As Hsieh said, the play uses "these books to start the stories off."

The book encasing Cinderella's fireplace is later removed, and the second book in the left stack is opened to reveal the ballroom.

Throughout the play, these books will open and close their covers, bringing the audience repeatedly back to these three main storylines.

The costumes shown in this production of Into the Woods blend together traditional costume pieces, such as Little Red Riding Hood's crimson cape, with costume parts of Asian inspiration, adding to the multi-ethnic contributions of the show. Of particular note in this respect are Cinderella's various costumes: Hsieh identifies Cinderella's rags as Asian-influenced, while Emjoy Gavino, a senior at SPU and the actress who plays the part of Cinderella, describes Cinderella's wedding dress as a Korean-style robe - bright red, "symbolizing luck and happiness."
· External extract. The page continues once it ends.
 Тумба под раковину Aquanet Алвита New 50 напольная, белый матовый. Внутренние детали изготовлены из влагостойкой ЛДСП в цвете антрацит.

The plot line of Into the Woods uses the stories of many fairy tale characters, most of who are taken from Grimm's stories, and molds them together to form an interlocking chain of events.
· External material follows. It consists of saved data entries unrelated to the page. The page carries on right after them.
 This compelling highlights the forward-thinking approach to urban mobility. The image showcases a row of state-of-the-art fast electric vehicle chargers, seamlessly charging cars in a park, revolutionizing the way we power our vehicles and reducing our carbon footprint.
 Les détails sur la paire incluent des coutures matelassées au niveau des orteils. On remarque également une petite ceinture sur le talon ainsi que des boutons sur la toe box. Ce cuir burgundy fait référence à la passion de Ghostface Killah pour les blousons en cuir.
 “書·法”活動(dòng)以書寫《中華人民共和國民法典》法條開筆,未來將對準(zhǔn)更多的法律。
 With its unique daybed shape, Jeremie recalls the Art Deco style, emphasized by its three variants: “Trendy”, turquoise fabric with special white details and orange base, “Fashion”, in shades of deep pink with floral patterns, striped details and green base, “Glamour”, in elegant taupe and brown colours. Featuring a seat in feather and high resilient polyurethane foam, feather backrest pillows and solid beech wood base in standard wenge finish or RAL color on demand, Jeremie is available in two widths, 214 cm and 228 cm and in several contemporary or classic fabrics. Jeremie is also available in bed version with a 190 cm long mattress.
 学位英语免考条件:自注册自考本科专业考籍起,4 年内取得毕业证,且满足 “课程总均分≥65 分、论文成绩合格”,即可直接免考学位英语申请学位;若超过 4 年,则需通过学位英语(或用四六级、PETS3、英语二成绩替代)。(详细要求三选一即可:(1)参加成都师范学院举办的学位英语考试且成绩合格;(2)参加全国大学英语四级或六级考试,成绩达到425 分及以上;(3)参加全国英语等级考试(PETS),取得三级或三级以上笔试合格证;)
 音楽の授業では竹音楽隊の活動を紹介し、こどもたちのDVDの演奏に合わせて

The audience learns several things that weren't mentioned in the original fairy tales; for instance, Into the Woods presents the primarily childless baker as the brother of tower-bound Rapunzel. It also presents the traditionally wicked Witch of the Rapunzel fable as both an antagonist and a protagonist. Into the Woods shows us that "Sometimes witches can be right," according to Gavino.

Gavino is one of two SPU students involved with this production. Sophomore David Crowley is a spotlight operator. The rest of the cast and crew are made up of community members.
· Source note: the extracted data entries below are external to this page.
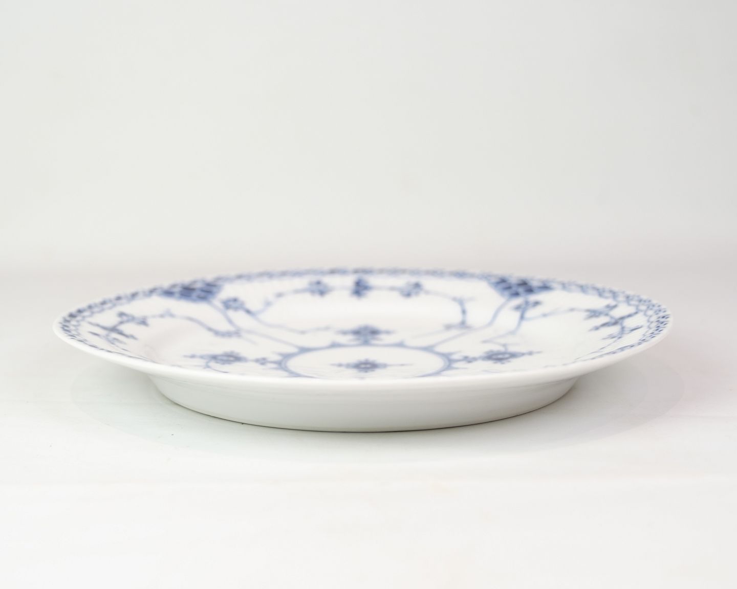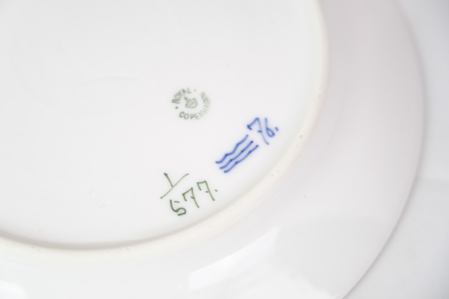 Middagstallerken mærket 1/577 fra Royal Copenhagen. Fremstillet i porcelæn med klassisk musselmalet halvblonde design. Håndmalet i blå dekoration.
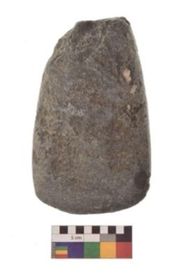 | Description / विवरण | Specimen of triangular shaped Axe with lenticular section and pointed butt. It is under side flat and sharpe edge. |
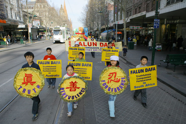 集会后,举行了反迫害游行,行人们对游行队伍展示的法轮功受迫害真相感到震惊,观看的非常仔细,纷纷接受真相传单,并询问详情。
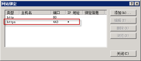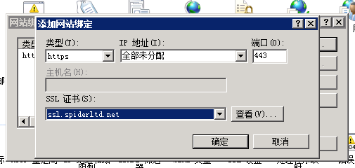 添加網站綁定內容:選擇類型為https,端口443和指定對應的SSL證書,點擊確定
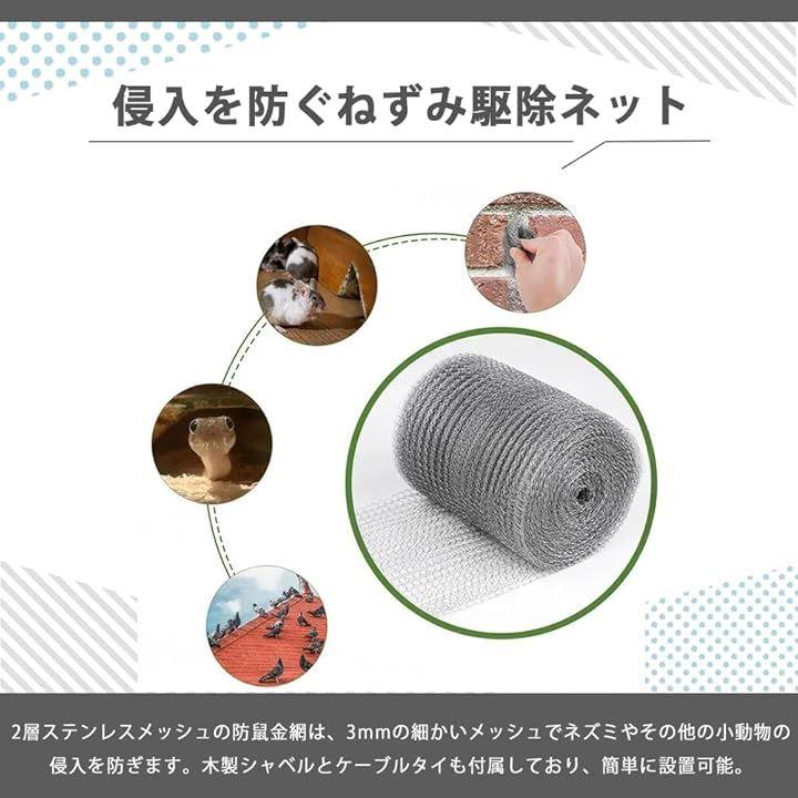 「侵入を防ぐねずみ駆除ネット」2層ステンレスメッシュの防鼠金網は、3mmの細かいメッシュでネズミやその他の小動物の侵入を防ぎます。

One of React's goals is "to give artists of all skill levels additional opportunities to train and work together on established and new mainstream projects that they might not normally have access to because of ethnicity, gender or experience," according to its mission, stated in the program for Into the Woods. React also works to combine multi-ethnic and non-traditional casts.

Into the Woods is React Theatre's 26th mainstage show, appearing in the theatre's 11th season; this season's theme is "Spectacle!"

React began operating in the summer of 1993, at the initiation of Hsieh, React's founding artistic director.

According to Gavino, React is Seattle's only philanthropic, multicultural theatre.

The organization is non-profit, with some of its proceeds going to benefit the next production; other proceeds go to philanthropic organizations around the city, says Gavino. Hsieh adds that all proceeds from the box office are donated to charities.

According to Hsieh's director's notes, "Into the Woods is filled with fun and familiar characters, an ingeniously and intricately woven plot and Sondheim's spectacular music."